Compact Non Active Rays
Alternative handling of done rays
In previous posts we made the decision to copy all rays to the device even if they are done, But if a large proportion of rays is done, then we are wasting time copying them to the device.
I instrumented the code to count how many rays are still active after each depth iteration, and here are the results for one of the rendered frame:
depth 0: 3686400/3686400 (100%)
depth 1: 3133257/3686400 (85%)
depth 2: 910847/3686400 (25%)
depth 3: 466469/3686400 (13%)
depth 4: 154520/3686400 (5%)
depth 5: 87086/3686400 (2%)
depth 6: 42822/3686400 (1%)
depth 7: 28084/3686400 (.8%)
depth 8: 16548/3686400 (.5%)
depth 9: 11901/3686400 (.3%)
depth 10: 7681/3686400 (.2%)
If we count the total number of active rays across all depth iterations we only have ~8.5M active rays from a total of 36.8M rays. So basically only 23% of the data copied actually matters. Memory transfer is expensive so we should only copy the active rays.
Only copy active rays
An alternative to copying all rays to gpu is to remove, or skip, those rays and only handle active rays.

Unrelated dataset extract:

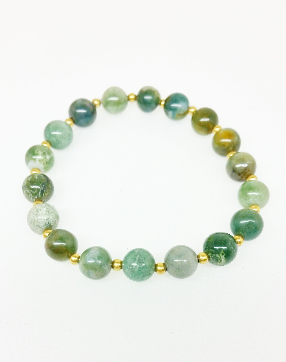 Agate and Brass Healing Energy Stretch Mala Yoga Bracelet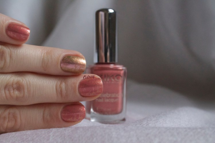 Point manucure : dans mes derniers petits achats s’est glissé dans mon panier un vieux rose avec une petite touche de cuivre de Kiko, le Celebration 418 Metallic Cooper. Il a des faux airs de Virgin Orchid mais en plus foncés. Ne voulant pas le porter tout nu, j’ai décidé de lui donner un petit […]

An easy way to do this in TraceIterative() is to keep track of a read and write index that both start at 0 and only increment the write index when we process an active ray. We use the write index to write the next active ray. Here is a link to the complete change.
With this change, the renderer’s performance went up to 15.8M rays/s. Nvprof output is as follows:
Type Time(%) Time Calls Avg Min Max Name
GPU activities: 46.38% 168.54ms 111 1.5184ms 1.3760us 7.9660ms [CUDA memcpy HtoD]

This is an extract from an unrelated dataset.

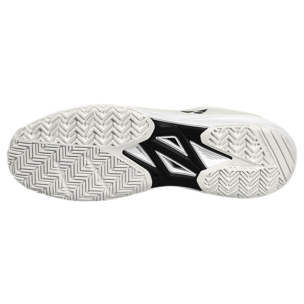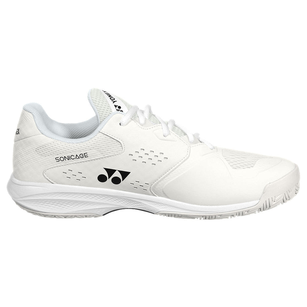 Classic white tennis shoe with the impressive Power Cushion technology. The Yonex Men's Power Cushion Sonicage is a lightweight and comfortable tennis shoe, ideal for recreational and intermediate players who need reliable support for movement on all areas of the court. It features the Power Cushion+ midsole, which absorbs shock and reverses impact energy for smooth transitions. The FlexQuip Durable Skin evenly distributes natural pressure from on-court movements while providing extra durability during aggressive play. A seamless tongue construction ensures a smooth, comfortable fit, and the TPU shank extends into the forefoot for faster, more stable footwork. The shoe also incorporates a Power Graphite plate to support the arch and reduce stress on the hips and knees during long hours of play. The Round Sole design offers all-around support for quick and smooth footwork, ensuring maximum energy transfer.

37.61% 136.66ms 110 1.2424ms 190.21us 5.2155ms HitWorldKernel(DeviceData, int, float, float)
16.01% 58.181ms 110 528.92us 4.8000us 3.2030ms [CUDA memcpy DtoH]

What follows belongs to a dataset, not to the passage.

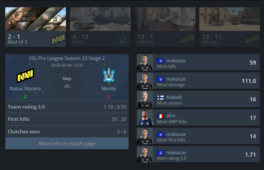 Сьогодні ця зустріч повторилася: команди обмінялися піками, а основна боротьба продовжилася на Mirage, який став десайдером. Перша половина завершилася з рахунком 6:6, але згодом Monte перехопили ініціативу та почали вести гру. Хоча NaVi виглядали слабшими, вони продовжували боротися і змогли здійснити камбек — у напруженій боротьбі на останніх раундах вони виграли третю мапу.

API calls: 65.26% 385.09ms 221 1.7425ms 48.866us 8.4991ms cudaMemcpy
23.55% 138.96ms 2 69.482ms 7.2482ms 131.71ms cudaMallocHost
7.09% 41.856ms 1 41.856ms 41.856ms 41.856ms cuDevicePrimaryCtxRelease
2.31% 13.629ms 2 6.8145ms 3.2744ms 10.355ms cudaFreeHost
0.99% 5.8636ms 3 1.9545ms 454.38us 3.8287ms cudaMalloc
0.38% 2.2522ms 110 20.474us 8.0230us 44.125us cudaLaunchKernel
0.20% 1.1520ms 3 384.00us 293.93us 551.02us cudaFree
0.16% 934.29us 50 18.685us 364ns 479.91us cuDeviceGetAttribute
0.05% 290.64us 1 290.64us 290.64us 290.64us cuModuleUnload
0.01% 48.866us 1 48.866us 48.866us 48.866us cuDeviceGetName
0.00% 12.398us 1 12.398us 12.398us 12.398us cuDeviceTotalMem
0.00% 8.7520us 1 8.7520us 8.7520us 8.7520us cuDeviceGetPCIBusId
0.00% 2.5510us 3 850ns 364ns 1.8230us cuDeviceGetCount
0.00% 1.0940us 1 1.0940us 1.0940us 1.0940us cuDeviceGet
As we can see memory transfer went down from 1.3s to 385ms and hitWorld kernel from 235ms to 137ms. This is really good compared to the original numbers we had: 4.6s for memory transfer and 386ms for the kernel.
Let’s profile the cpu side of our code to see where we are spending the rendering time now:
Looks like we are on the right track: HitWorldDevice(), which includes memory transfer to and from the gpu + the kernel run, only takes 6.71% of the total execution time.
It’s important to note that the benefits we saw from our change depend on the scene and camera position. I’ts possible to come up with a particular scene where most of the rays bounce back for all 10 depth iterations and remain active all that time. But even for those “worst” cases, only copying the active rays shouldn’t make the performance worse.